On a sunny, sixty-degree day, the kind that tourists from cold places come here to enjoy, I asked myself, how would I feel, think, and act if I was on vacation?

Truth or Consequences used to be my vacation destination. As a full-time resident, I do the same things I did as a summer visitor. I live in a smaller, simpler space than I did back in Virginia. I soak in hot springs, run in the desert at Elephant Butte Lake State Park, I write, I go to Albuquerque to study yoga, I hang out with friends … It’s the same life, only busier.

I have a schedule. Teaching yoga three days a week is not what anyone could call a full schedule, though it does limit my spontaneity. I’m more involved in the community. I know more people. But the biggest difference is my mindset. I don’t feel the looming return to the academic calendar reminding me to make the most of my freedom. So I don’t.
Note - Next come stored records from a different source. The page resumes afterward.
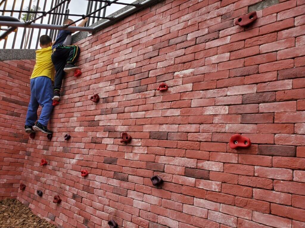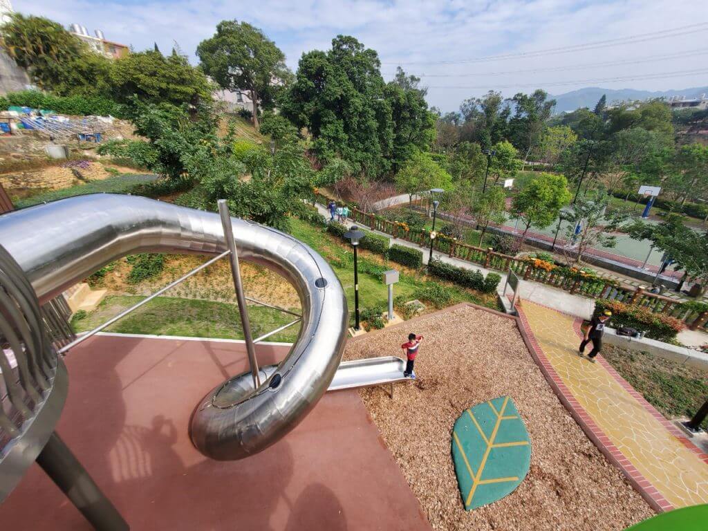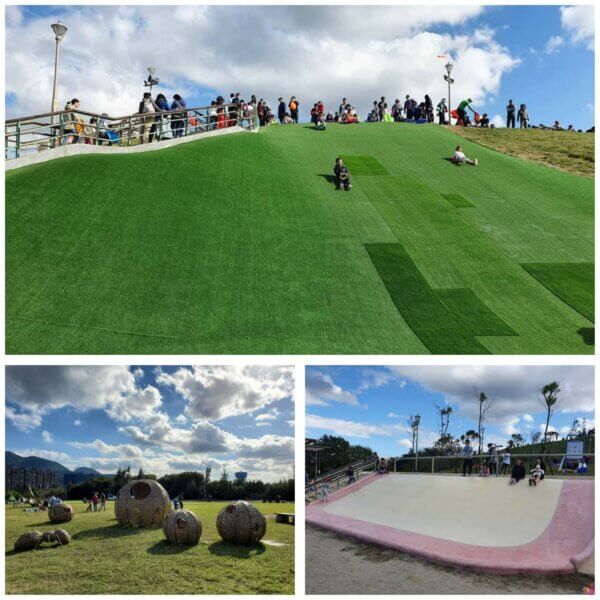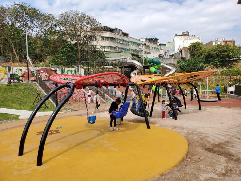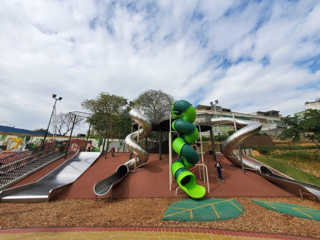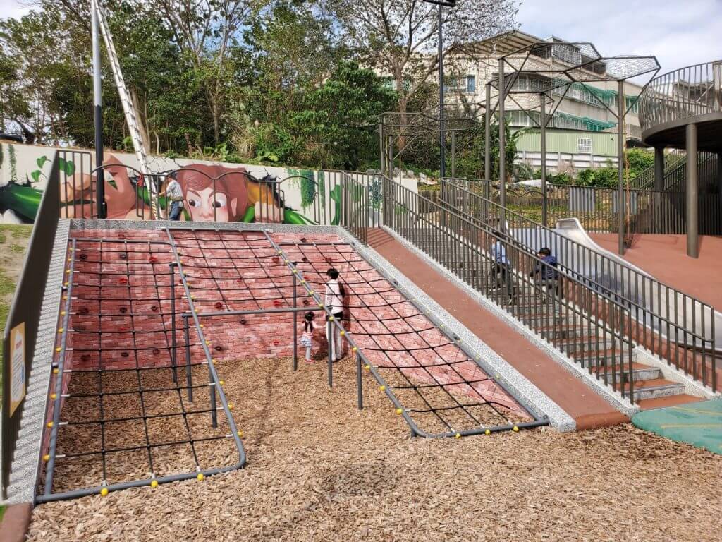 永吉公園設計了4種不同樣式的溜滑梯,在溜滑梯旁還有網子和矮牆的攀岩,而網子和攀岩的區塊下,則是使用木屑舖置,讓小朋友不小心掉下來的時候,還能有緩衝的作用,摔下來也比較不痛呢
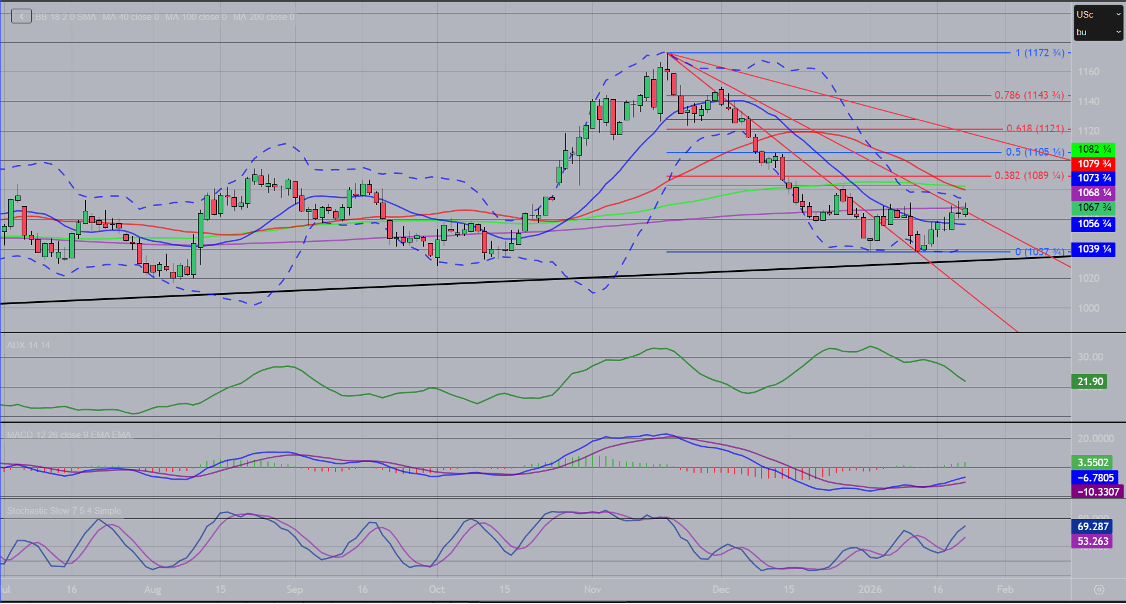 This last week has been a rough one in the Schroeder house. I’ll spare all the details but let’s just say my daughter is the early front runner for the 2026 Favorite Child Award for being the only one to make the puke bucket. We have been through the gauntlet of sick kids, and the frigid temps have kept us locked inside, driving my insanity to the next level. But we can all hope the end is in sight! The same can be said about some of the ag markets. Each have been through gauntlets of their own, and some are still running through it. Corn is dealing with an oversupply, beans have been through the export drought, wheat is, well wheat just can’t catch a break. Cattle had the risk off event from October, and cotton can seem to get out of its lull.
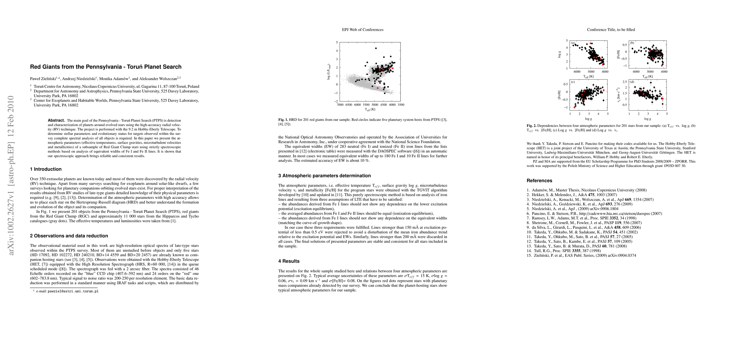 This paper presents the atmospheric parameters of a subsample of Red Giant Clump stars from the Pennsylvania-Torun Planet Search, using spectroscopic methods based on the analysis of Fe I and Fe II lines. The study demonstrates the reliability and consistency of the spectroscopic approach.

I let my head get cluttered. After I encountered a number of vacationers hiking the trail where I ran yesterday, I switched to vacation mind, appreciating the moment as if I might have to leave any day. Wow. Isn’t this amazing? It’s so warm. The sky is so bright. The lake is so still and blue. I noticed the light striking one of the bare, rocky hills on the shore making it look golden, though the land in Elephant Butte is basically gray, and how the dried blossoms atop a yucca stalk held their bell shapes months after their blooming ended.

While I stretched at the playground, a spider web glinting in the sun caught my attention, its near-invisible threads turning iridescent. The weaver, a tiny dirt-beige spider with red-striped legs and two rows of dots down its back, clung to a green metal ladder on the play structure.

Yellow stripey things—bees or wasps, I’m not sure which—nuzzled around my ankles and inspected me. I rolled my pants legs tight so the inspections wouldn’t go wrong. Their soft buzzing was the only sound.